Sunday, October 23, 2011

Family members of vets who commit suicide seek understanding

Sometimes, it doesn't matter how much you know or understand. Sometimes, it doesn't matter if you get everything right but they still end up losing so much hope they end their own lives. I know. It happened when my husband's nephew, another Vietnam Vet, took his own life in a motel room. It didn't matter how much I knew about PTSD or how hard I tried to talk to him. He just didn't want to listen. To this day his death haunts me. All of the "would, could and should" questions still come up every now and then. Maybe losing him pushes me past the place where I want to stop doing this but then I think of how my own husband is still here, and I know there are many more who can still be saved.

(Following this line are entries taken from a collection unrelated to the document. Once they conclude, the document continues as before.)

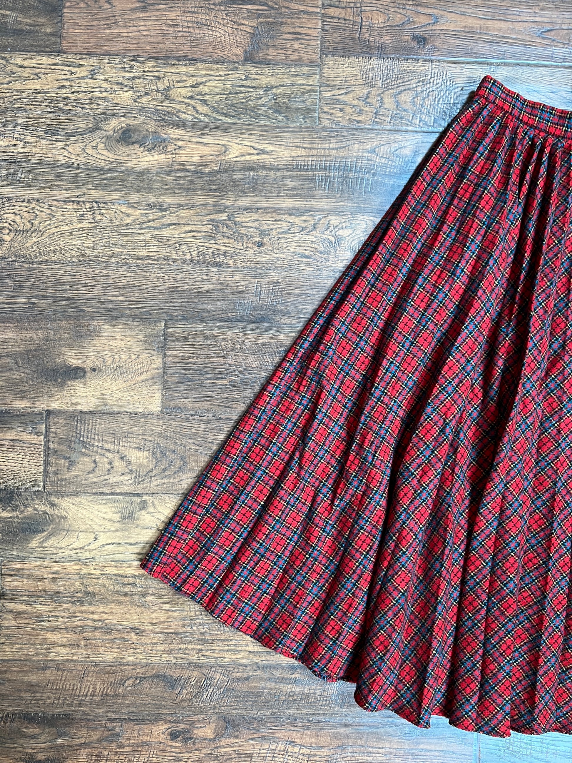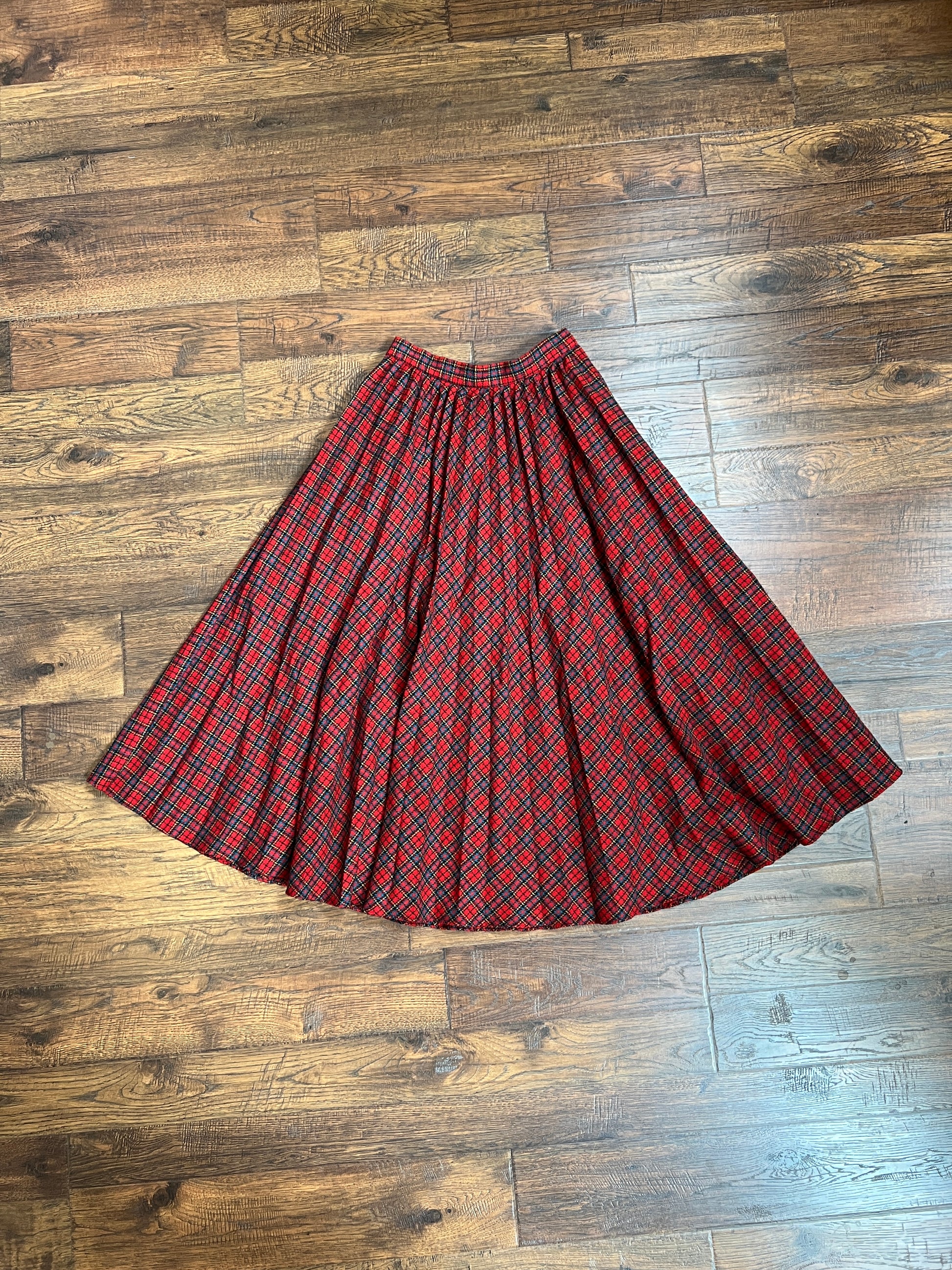 Vintage Clothing - Below The Knee Skirt - Red Plaid - X-Small - Doro Tennis
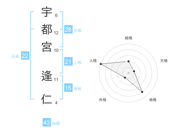 宇都宮 逢仁さんを姓名の画数から五運を鑑定
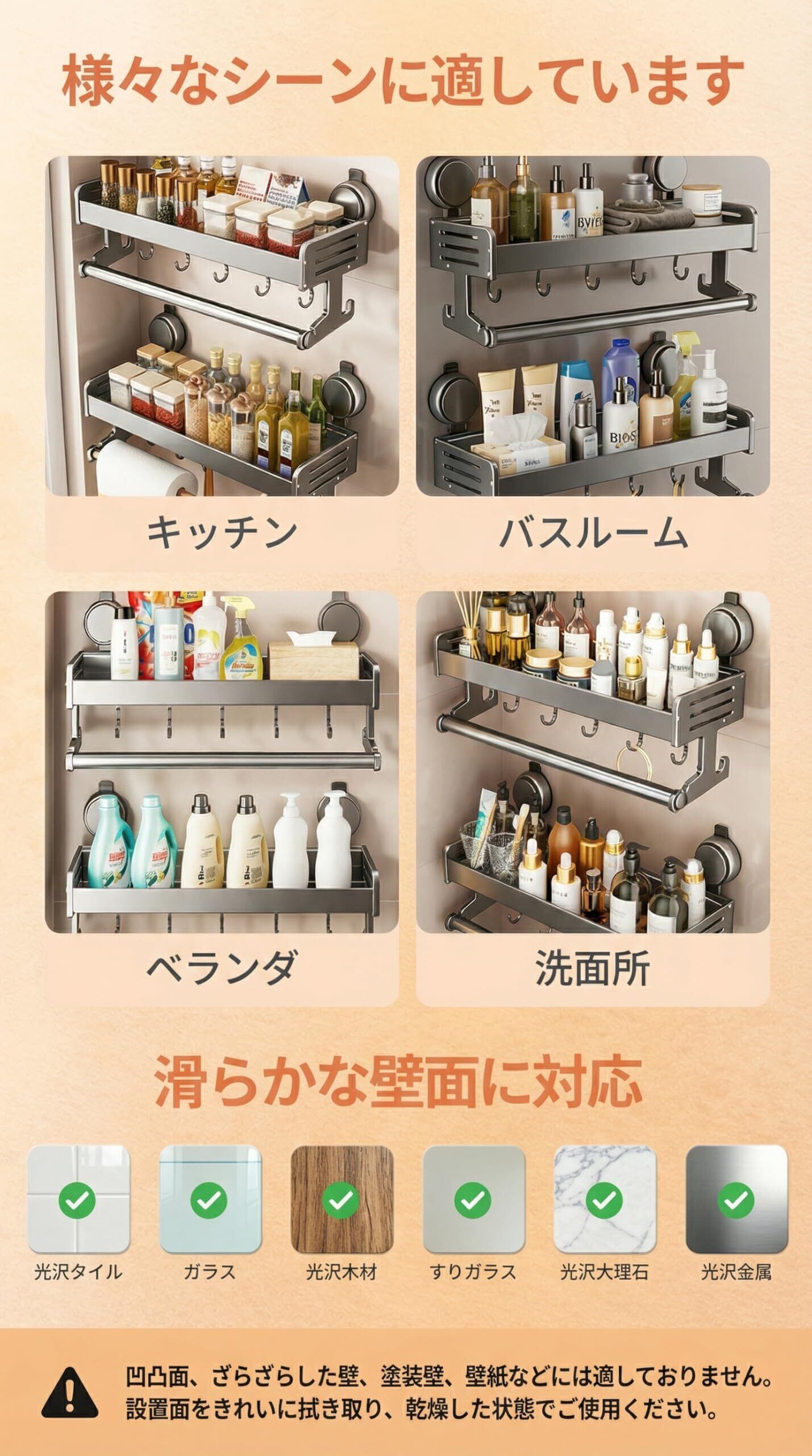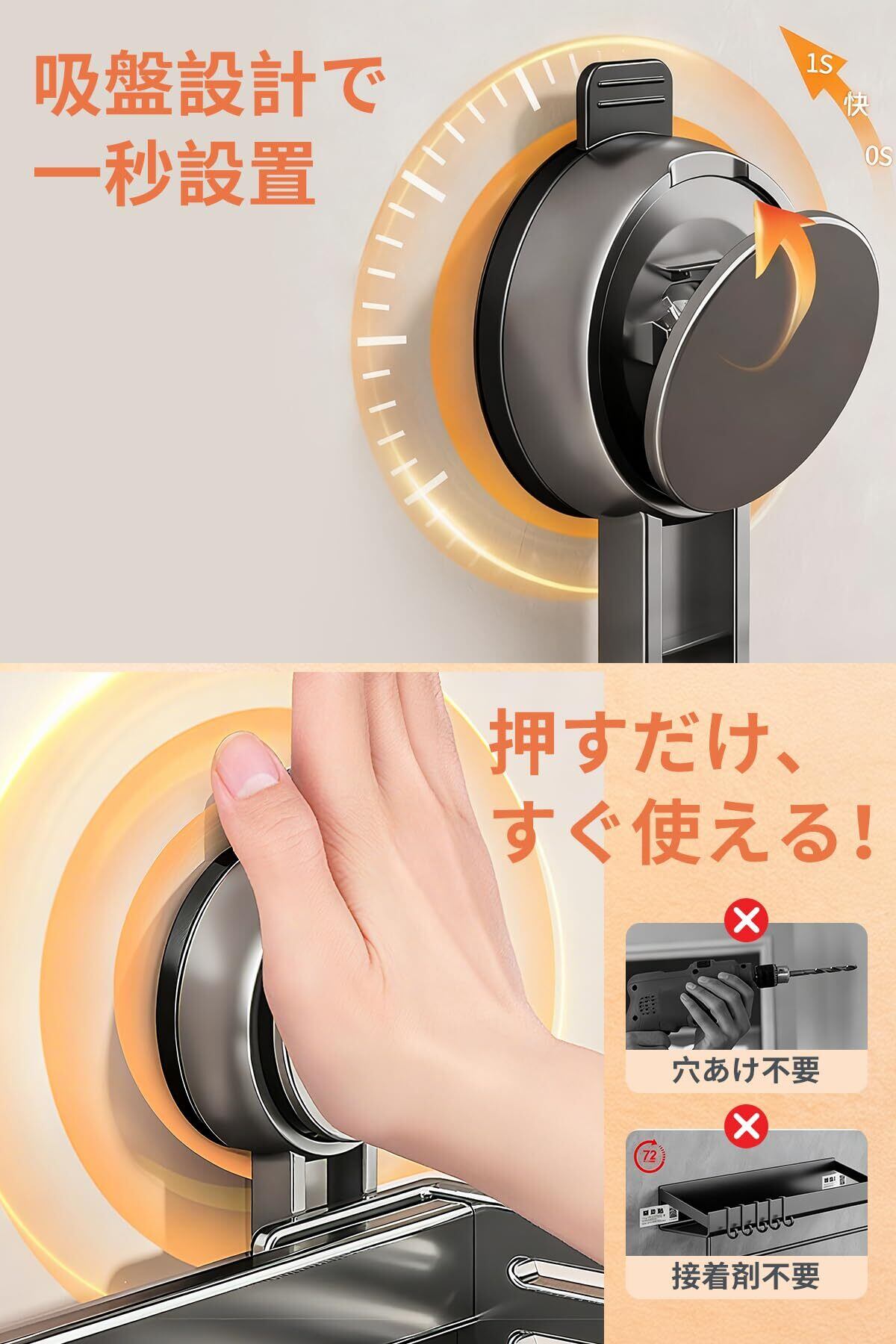 【正しく取り付けて安定して使える】工具不要で取り付け可能です。吸盤をしっかり密着させ、安定していることを確認してからご使用ください。重い物を収納する場合は、取り付け後しばらく置いてからご使用いただくことで、より安心してお使いいただけます。賃貸住宅でも、タイル張りのキッチンや浴室でも、壁を傷つけることなく理想の収納スペースが完成します。
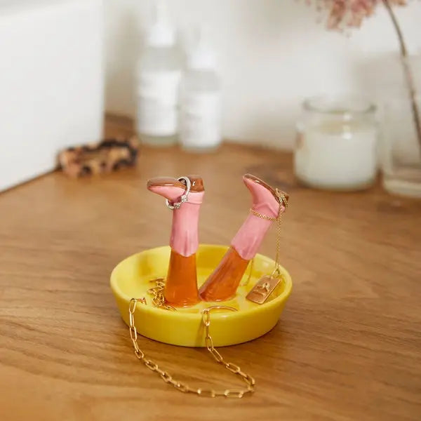 Gardez vos bagues en sécurité avec ce porte-bagues céramique Happy Legs Dance.
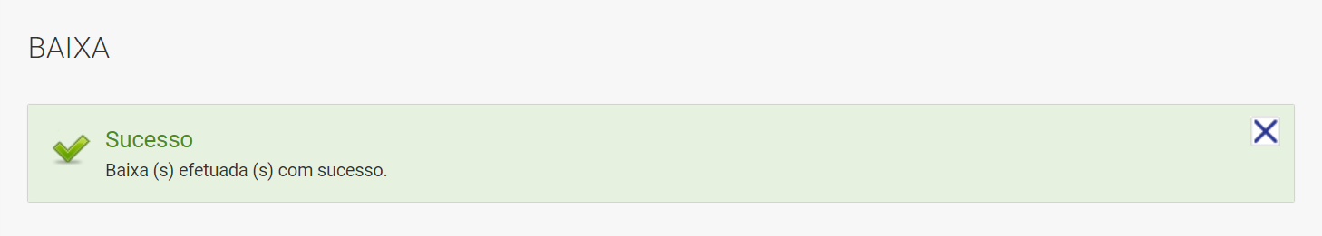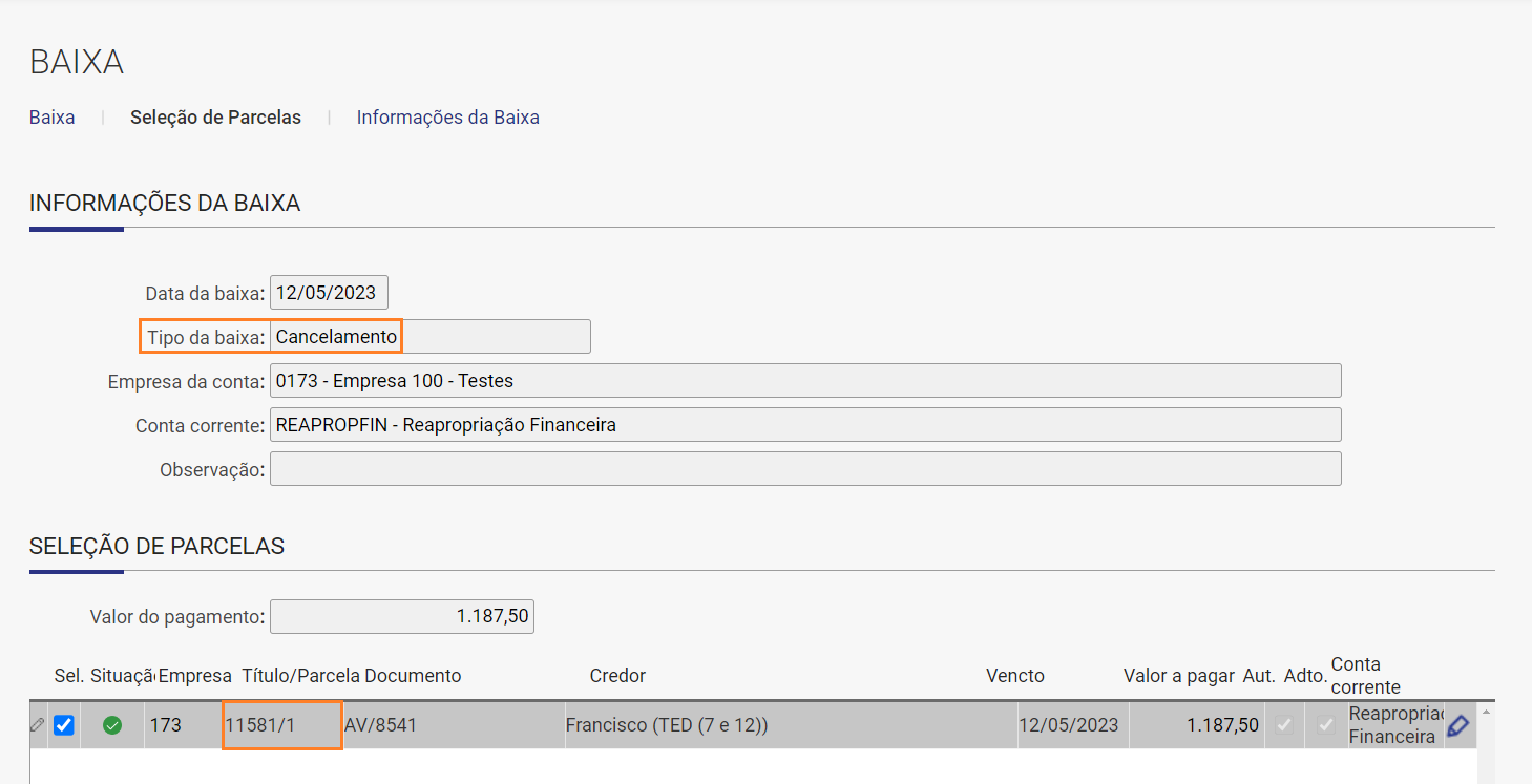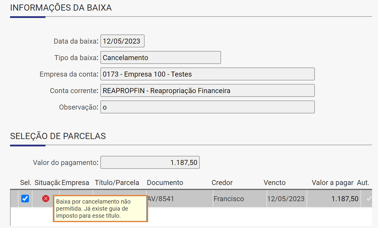 E ao acessar a tela de baixa, e realizar a tentativa de baixa de cancelamento, o sistema vai emitir essa mensagem! "Baixa por cancelamento não permitida. Já existe guia de imposto para esse título."
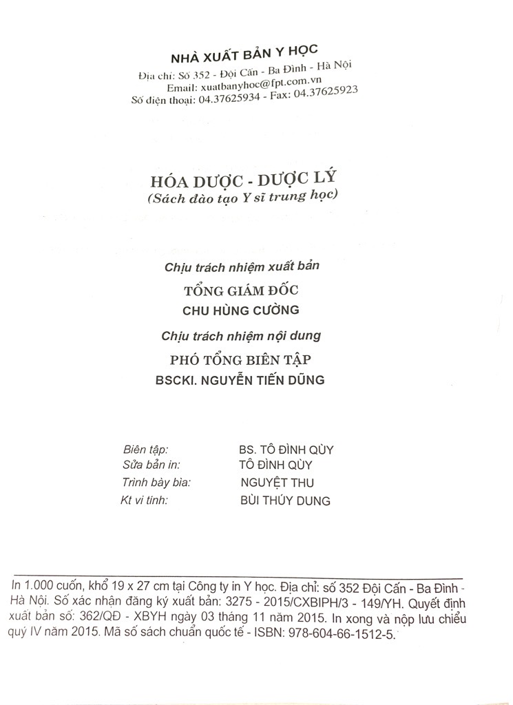 Cuốn sách đã được biên soạn dựa trên chương trình giáo dục Trung học chuyên nghiệp do Bộ Y tế ban hành. Năm 2005, sách đã được Hội đồng chuyên môn của Bộ Y tế thẩm định, được Bộ Y tế thống nhất sử dụng làm tài liệu dạy - học chính thức cho đối tượng Dược sỹ trung học của ngành trong giai đoạn hiện nay. Trong thời gian từ 3 đến 5 năm, sách cần được chỉnh lý, bổ sung và cập nhật.

Family members of vets who commit suicide seek understanding
October 22, 2011 8:38 PM
RYAN MAYE HANDY
THE GAZETTE
Sgt. Nick Pansini did not come home to die.


Pansini, from Littleton, joined the Marines 5th Air Naval Gunfire Liaison Company (ANGLICO) after he finished high school in 2005. After three years in Okinawa and tours in Iraq in 2008 and 2009, he was ready to return to civilian life.

He got a job, a girlfriend and dog, and filled his spare time by riding his mountain bike and putting together two hot rod cars. Nick’s father, Joe Pansini, thought his son had moved on from his war experiences, and was keeping busy.

He learned later that there was one thing Nick was not doing.

“At what point did he deal with his war experience? He did not,” Joe said on Saturday.

Nick Pansini shot himself in his own home in Littleton on July 22, 2010. He was 23 years old and had been out of the Marines for about a year.